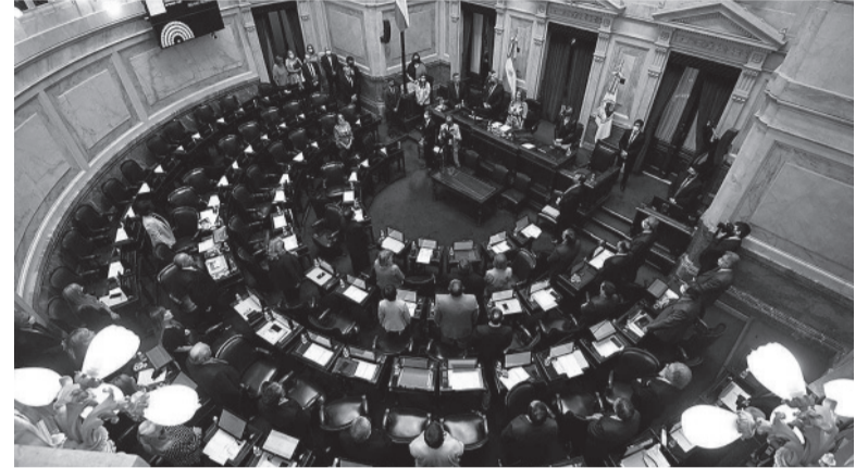
Cámara alta. Tendrá menos representación kirchnerista.

desde donde se priorice la posibilidad de aportar a la reflexión sobre la Argentina que queremos para nosotros y las futuras generaciones, sin grietas, con discusiones que planteen soluciones a corto, mediano y largo plazo”, aseguraron en el comunicado en que confirmaron la noticia.
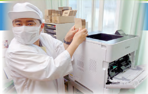
ステキなパッケージを印刷できました!

これまで数々の寄贈をいただいたことに感謝し、これからも利用者の皆様と心のこもった商品を作り続けていきたいと思います。
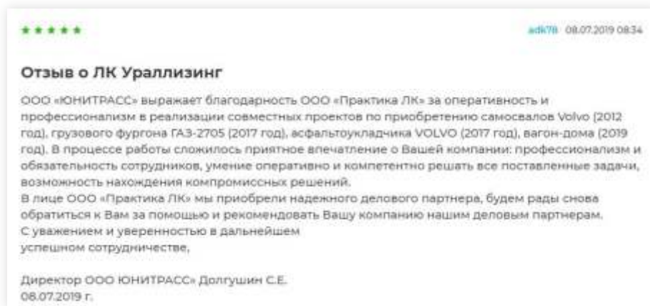
Отзыв на портале www.all-leasing.ru
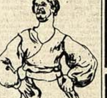
Константино — Бенито

сказать, в зрительном зале взрослых было не меньше, чем детей, и трудно решить, кому он больше понравился — взрослым или детям.
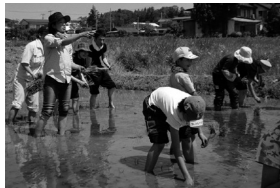
▲田植え体験のようす(船引町堀越)

市外から19名の親子らが参加し、夏晴れのなか苗の手植え体験やサツマイモの定植体験、竹筒の水鉄砲づくりなど田舎ならではの体験が行われました。お昼には、三五八を使用した創作郷土料理が振る舞われ、参加者から好評の声が上がりました。10月には稲刈り体験会が行われる予定です。
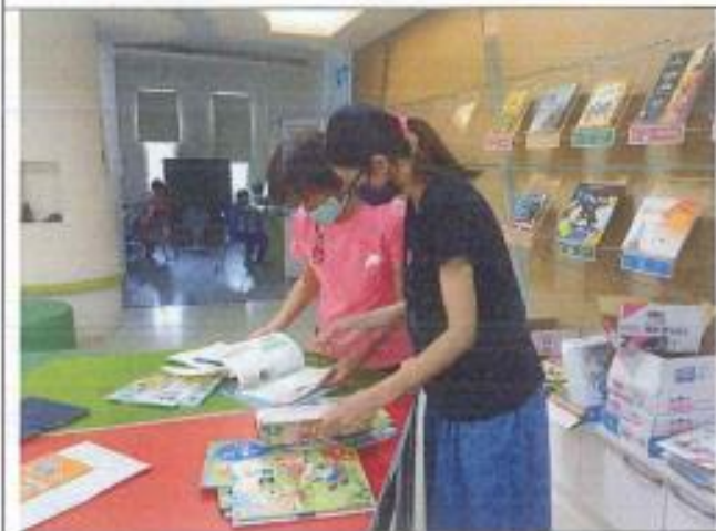
各位委員評選 111 學年度教科書情形

> **What you should do**: The line containing "desde donde se" marks where the copy ends; print every line before it from the start of the records, and that line too, but no pictures.

> **Reply to the exercise**:
Cámara alta. Tendrá menos representación kirchnerista.

desde donde se priorice la posibilidad de aportar a la reflexión sobre la Argentina que queremos para nosotros y las futuras generaciones, sin grietas, con discusiones que planteen soluciones a corto, mediano y largo plazo”, aseguraron en el comunicado en que confirmaron la noticia.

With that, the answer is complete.